Howard Wallace Connelly, um supervisor postal que mais tarde escreveu sobre o episódio, ainda parecia um pouco atordoado décadas depois. O gato foi lançado da Estação P no Edifício Produce Exchange, fez várias curvas e chegou à Broadway e Park Row. "Como ele pôde viver", ele escreveu, "não consigo conceber, mas viveu." Ficou atordoado por um minuto ou dois, então tentou correr antes que os trabalhadores o prendessem em uma cesta.[1]
A primeira rota percorria cerca de 3.750 pés entre Park Row e Bowling Green. Um recipiente podia conter centenas de cartas, e o National Postal Museum afirma que os cilindros pneumáticos viajavam a uma média de 35 milhas por hora.
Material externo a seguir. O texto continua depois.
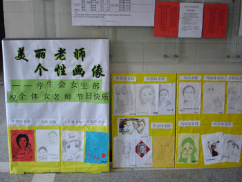 经过各班认真的工作“美丽老师个性画展”于三月八日展出。此项作品由各班同学执笔,画出给各班授课的女老师的画像,精彩纷呈,妙趣横生。美丽的女老师们经同学们多姿多彩的画笔后,或真实,或夸张,或精致,或风趣,展现了老师们在同学心中个性的一面。一块块展板,一张张画像,成为老师们心中最好的礼物。

Em 1915, seis cidades americanas tinham mais de 56 milhas de tubos pulsando sob as ruas.[2] A pegadinha do gato funcionou porque havia uma máquina urbana em funcionamento por trás dela, rápida o suficiente para transformar um escritório da cidade em um palco.
Relatos de jornais e histórias posteriores descrevem o despacho inaugural como uma espécie de truque de mágica cívica: uma Bíblia, documentos federais, flores, um pêssego de brincadeira, depois um animal indignado provando que o tubo não se importava com o que as pessoas do século XIX decidiam chamar de correio.[3] O mesmo sistema eventualmente se tornou comum o suficiente para que os operadores tivessem um apelido, "Rocketeers", e a rede cresceu para 27 milhas conectando 23 estações de correio.[4]
No seu auge, os tubos de Nova York transportavam cerca de 95.000 cartas por dia, aproximadamente 30% do correio da cidade.[1] A história do gato pode soar como uma nota de rodapé de uma cidade que tinha excesso de confiança e poucas reuniões sobre bem-estar animal. Também expôs uma ansiedade real. Nova York estava ficando grande demais para velhos hábitos. Ruas congestionadas. Escritórios multiplicados. As mensagens tinham que atravessar uma cidade que continuava inventando novas maneiras de atrasar.
Os tubos duraram até 1953, muito depois de a piada ter desaparecido na lenda postal. Automóveis, custo, reparos e volumes de correio em mudança tornaram o sistema subterrâneo mais difícil de defender.[4] O que resta é a imagem de um cilindro de aço chegando ao balcão, uma tampa se abrindo e um gato preto decidindo que o futuro havia sido rápido o suficiente.
Fontes
- The Atlantic, "Aquela Vez Em Que Pessoas Enviaram um Gato Pelo Correio Usando Tubos Pneumáticos"
- National Postal Museum, "Correio por Tubo Pneumático" (arquivado)
- Stuff Nobody Cares About, "Primeira Entrega de Correio Pneumático em Nova York 1897"
- Wikipedia, "Correio por Tubo Pneumático na Cidade de Nova York"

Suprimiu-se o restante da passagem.